Не думал, что он до сих пор жив: был он нещадным пьяницей, и однажды отец помог ему, когда он сломал ногу. Мы играли в футбол с пацанами, Бек был в моей команде, а Сакен сидел с пивом на детской лестнице и орал сверху, подгоняя нас: «Вперед! Давайте, щеглы! Не посрамите отечество!». Отец, куривший на той же скамейке, увещевал: «Кончай, Сакен! Дай детям поиграть!». Но в запале Сакен встал на лестнице, размахивая бутылкой, потерял равновесие и шмякнулся на землю. Мы замерли в шоке – его нога на наших глазах переломилась с треском, и наружу, из-под мяса, вылезла белая кость, и сильно хлестала кровь. Сакен лежал и удивленно смотрел на свою ногу. Отец подбежал к нему, упал на колени, крикнув мне: «Марат! Сумку! Марат!». Опомнившись, я помчался в подъезд за кожаной отцовской сумкой с медицинскими инструментами. Первый раз я видел, как мой папа-хирург производит операцию – когда я спустился, кто-то уже притащил доску от ящика, и отец, перевязав чем-то ногу, мастерил шину, накладывал бинты.
Фото: Дауржан Аугамбай
Мы стояли и смотрели зачаровано, как отец все это делал – вкалывал обезболивающее, обеззараживал, соединял сломанные кости. Действовал он очень быстро, а вокруг все затихло. Неожиданно начал накрапывать дождь, и отец крикнул стоявшим здесь же мужикам: «Помогите, потеря крови большая, я сам его отвезу». Сакена затащили на заднее сиденье нашей черной «Волги», папа бросил мне: «Марат, домой, сейчас польется как из ведра», и они умчались в больницу. Я, конечно, не послушался и пошел со всеми пинать мячик, кроме Бека: он долго стоял и смотрел с непонятным мне тогда выражением лица вслед моему уехавшему отцу. Пока с балкона не донесся гневный голос его отчима: «Бек, домой давай! В магазин сбегаешь!», и он побежал в соседний подъезд.
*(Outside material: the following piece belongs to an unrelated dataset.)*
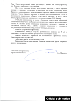 «Межі об'єкта культурної спадщини, а також предмет охорони (пам'ятник Леніну ‒ КР) встановлені згідно з проєктом і обмежуються монолітним постаментом та залізобетонною базою під ним. Таким чином, квітники та перший ярус постаменту не входять до охоронюваної території об'єкта культурної спадщини та можуть бути впорядковані в межах капітального ремонту площі Леніна», ‒ повідомляє начальник департаменту міського господарства російської адміністрації Сімферополя Євген Маляров.

А отца я больше живым не увидел – когда мы все, мокрые до нитки, разбежались по домам, раздался звонок телефона, и женский голос сказал, чтобы я позвал маму. У меня нет мамы – сказал я этому голосу, и там долго дышали, я слышал какие-то приглушенные разговоры, шепот. «Алло! Алло!», — звал я в трубку, но в ответ прозвучало пиканье, разговор оборвали, ничего не сказав. А через десять минут пришел друг отца, тоже хирург, весь промокший и взбудораженный. «Ты поел?», — почему-то спросил он, и пошел на кухню что-то готовить. Я спросил: «Что случилось, дядя Витя?», мне стало очень страшно. Он крепко обнял меня, капая на меня водой со своих волос, и зарыдал. Отец разбился. А вот Сакен выжил, и теперь стоит передо мной.
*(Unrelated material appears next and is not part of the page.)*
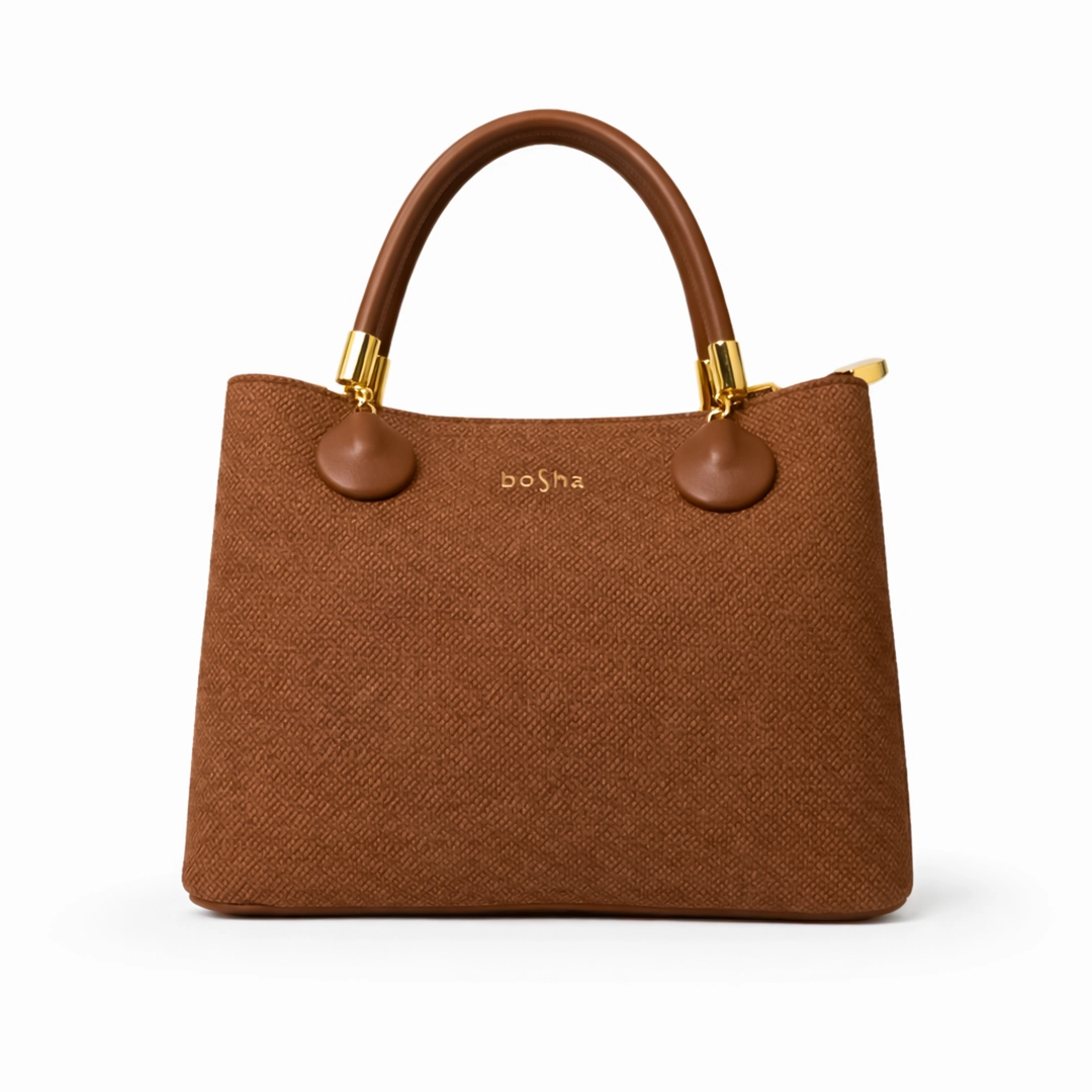 The handbag is crafted from premium textured PU leather, giving it a durable, scratch-resistant finish with a luxurious feel. Its structured shape ensures it stands upright and holds its form, while the double top handles offer a comfortable grip for hand carrying. The front is adorned with the minimalist “boSha” gold lettering, adding a subtle branded touch.

Сакен, бывший в прежние времена типичным алкоголиком с опухшим лицом, превратился в сухонького морщинистого живчика, видимо, совсем не пьет. Плечи чуть перекошены от постоянного хождения с палочкой. «Как ты меня узнал?», — спрашиваю. «Глаза. Такой взгляд не забудешь. Помню, как ты сверлил меня на похоронах. Как это забыть?», — говорит он и приглашает меня к скамейке. Мы садимся. «Все еще жив?». «Не хотят меня забирать туда, — он показывает пальцем вверх. – Хотя давно пора. Устал. Как жизнь вообще, Маратик?». «Нормально». Сидим, молчим. Становится душно, расстегиваю еще одну пуговицу на рубашке. «Слышал, помыкался ты по родственникам тогда, пока не вырос… Прости, что из-за меня…». Я нервно дергаюсь телом, и он замолкает. «Я знал, что ты придешь, — вдруг говорит Сакен. – Подожди, не уходи. Не уходи, Маратик!». Он встает и скрывается в глубине подъезда.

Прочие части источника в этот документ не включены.